7

2.7K 109 49
                                    

Złamane serce zwykle powinno boleć bardzo długo. Sprawiać, że nie masz ochoty żyć i nie dostrzegasz żadnych pozytywów, a jedyne czego potrzebujesz to wypłakiwanie swoich żałosnych łez. Tak przynajmniej wyglądał klasyczny okres po rozstaniu, czy okres w którym wszystko w twoim związku mówiąc krótko się jebało. Ale na pewno tak ten czas nie wyglądał u Michaliny.
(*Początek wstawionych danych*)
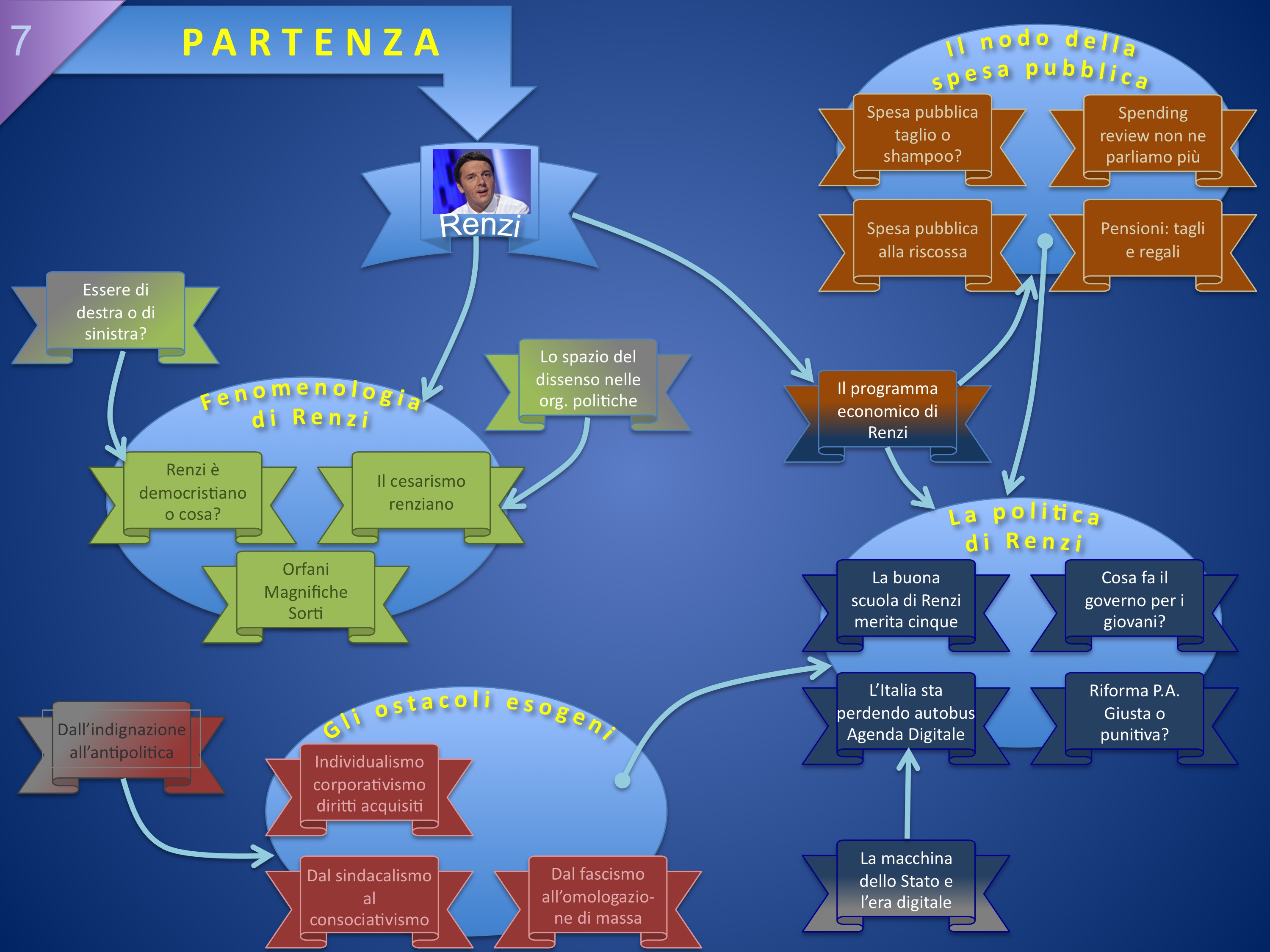 Un blog come Hic Rhodus, che parla molto di economia e politica, riflette spesso sulle attività del governo e sulle proposte del suo Primo Ministro Renzi. Non siamo quasi mai stati molto teneri con lui, pur cercando sempre di distinguere, nella migliore tradizione hicrhodusiana, gli elementi positivi, o quanto meno interessanti. Abbiamo ormai abbastanza articoli per dedicare a Renzi una delle nostre mappe. Intanto segnaliamo la particolare fenomenologia di Renzi, che si distingue con un’evidente discontinuità rispetto ai decenni precedenti; questa discontinuità, in sé, può essere giudicata positivamente ma, naturalmente, è la prova dei fatti quella che esprimerà il giudizio finale: la politica di Renzi è ambiziosa ma non sembra capace – al momento – di dare le risposte attese, anche a causa dei limiti imposti da una spesa pubblica che neppure Renzi riesce a frenare. Occorre segnalare, certo, che malgrado il decisionismo e il largo consenso popolare Renzi deve combattere contro molteplici ostacoli esogeni, ideologie, posizioni di rendita e derive culturali che oggettivamente ammorbano il quadro politico italiano. Questa la mappa dei nostri post (clic per ingrandire):

I choć oddanie się w wir imprez i różnego rodzaju używek mogło być zgubne, ona miała to gdzieś. Chciała jak najbardziej korzystać z tego, że była wolna i niezależna po prawie dwóch latach związku. Co weekend była widywana w klubach, często upita do nie przytomności, nie raz była w towarzystwie Lili i reszty jej znajomych. I tak było również tym razem, kiedy w pierwszy piątek grudnia z okazji mikołajek siedzieli mocno wstawieni, na kanapach niedaleko baru.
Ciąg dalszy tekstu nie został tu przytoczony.